DLM-NL2JSON-4B is a specialized 4-billion parameter model developed by Data Science Lab., Ltd. It is a LoRA-merged Qwen3-4B fine-tuned for extracting structured JSON from Korean natural language queries. This model is designed for a specific production service, the Busan Metropolitan City public data analytics service, and is not a general-purpose NL-to-JSON converter.

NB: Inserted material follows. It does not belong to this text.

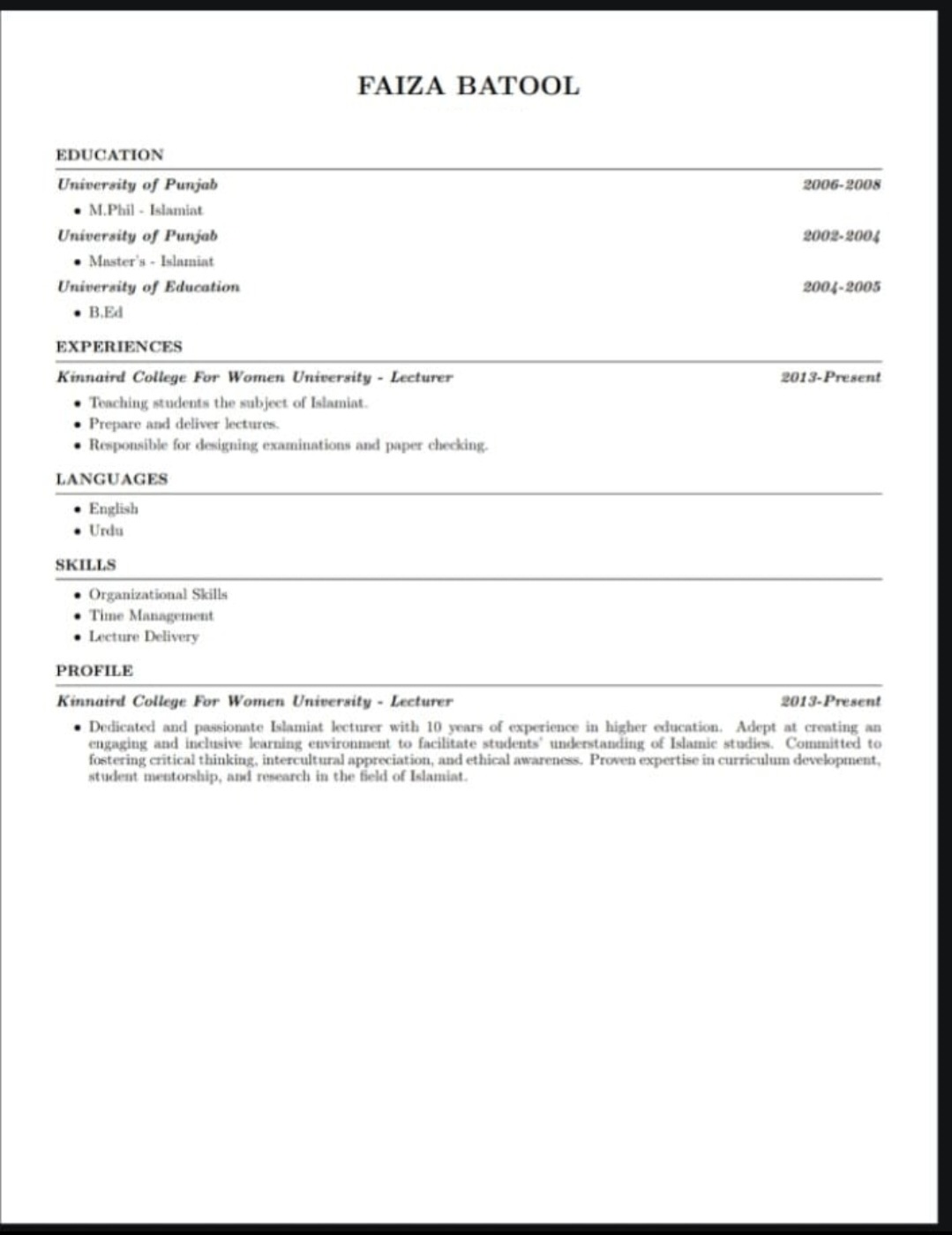 Department of Islamic Studies Ms. Tasneem Niazi Assistant Professor MPhil Islamic Studies (Minhaj University, Lahore) MA Islamic Studies (Islamia University of Bahawalpur, Bahawalpur) Download CV Ms. Sara Iqbal Assistant Professor MPhil Islamic Studies (University of the Punjab, Lahore) MA Islamic Studies (University of the Punjab, Lahore) Download CV Ms. Samawia Saeed Lecturer MA Islamic Studies (Lahore College for Women University) MA ELT (Kinnaird College for Women, Lahore) Download CV Ms. Faiza Batool Lecturer MPhil Islamic Studies (University of the Punjab, Lahore) MA Islamic Studies (University of the Punjab, Lahore) Download CV Ms. Abida Ishaq Lecturer MPhil Islamic Studies (Minhaj University, Lahore) MA Islamic Studies (University of the Punjab, Lahore) Download CV
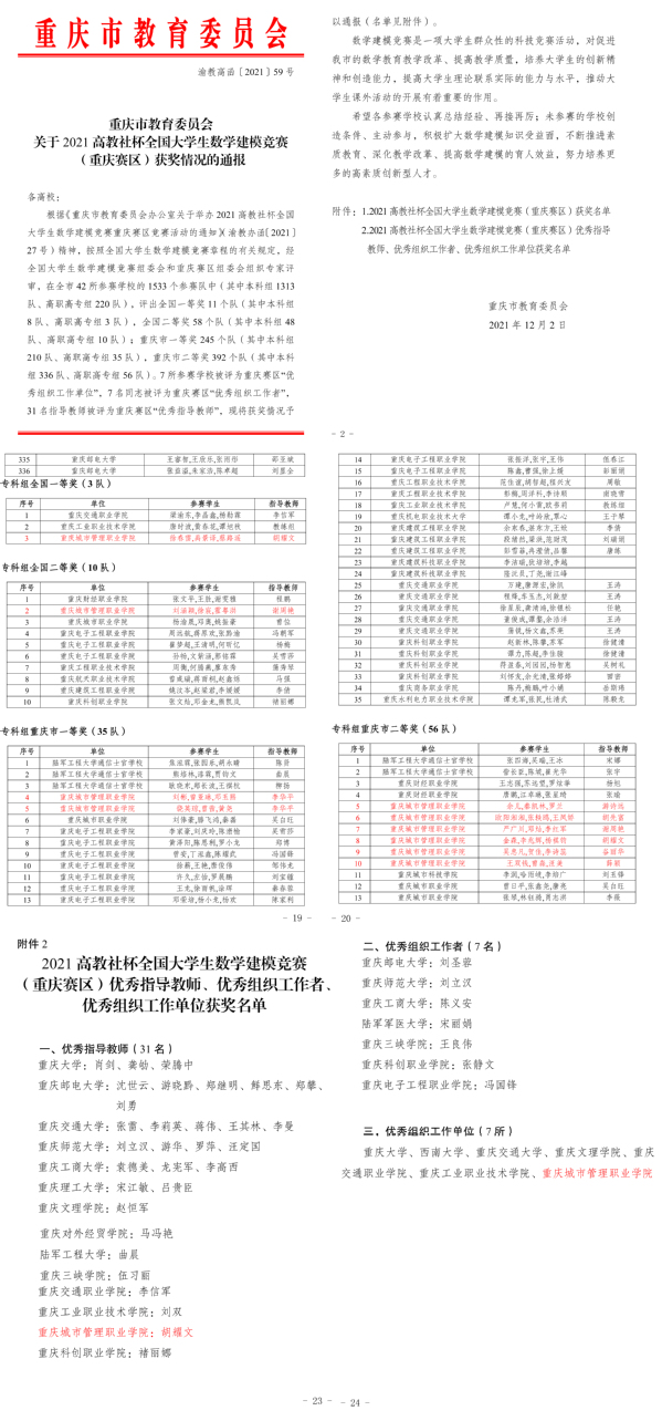 12月2日,2021年“高教社杯”全国大学生数学建模竞赛获奖名单揭晓,我校参赛队伍再创佳绩,共有10支队伍获奖。其中胡耀文老师指导的徐春雷、禹景译、蔡路遥学生队伍荣获全国一等奖;谢周艳老师指导的刘涵颖、徐宸、霍粤洪学生队伍荣获全国二等奖;李华平老师指导的2支队伍获得重庆市一等奖;游诗远、胡先富、谢周艳、胡耀文、谷丽华、薛颖老师分别指导的6支队伍荣获重庆市二等奖。同时学校荣获全国大学生数学建模竞赛重庆赛区优秀组织工作单位奖,胡耀文被评为全国大学生数学建模竞赛重庆赛区优秀指导教师。

Key Capabilities & Performance

This model demonstrates exceptional performance on its target task, achieving 94.4% accuracy (96.8% adjusted) on 2,041 test samples. It significantly outperforms larger models like GPT-4o (80.5%) and Qwen3.5-35B (72.2%) in its domain. DLM-NL2JSON-4B shows particularly strong gains in categories like population patterns (ALP) and credit statistics, winning 8 out of 10 evaluated categories.

Important Considerations:

  • Service-Specific: This model is trained exclusively for a fixed set of predefined schemas and will not generalize to arbitrary JSON schemas or different prompt formats.
  • Strict Usage Requirements: Users must employ the exact system prompts and include corresponding special tokens (e.g., <TASK_CSM>) for correct operation.
  • Korean Only: All training data and prompts are in Korean.

Intended Use

This model is ideal for converting Korean natural language queries about public and economic data into structured JSON, specifically within the context of the Busan Metropolitan City Big Data Wave analytics dashboard. It serves as a reference for the effectiveness of domain-specific fine-tuning for constrained structured output tasks, enabling smaller, more efficient models to surpass general-purpose LLMs in specialized applications.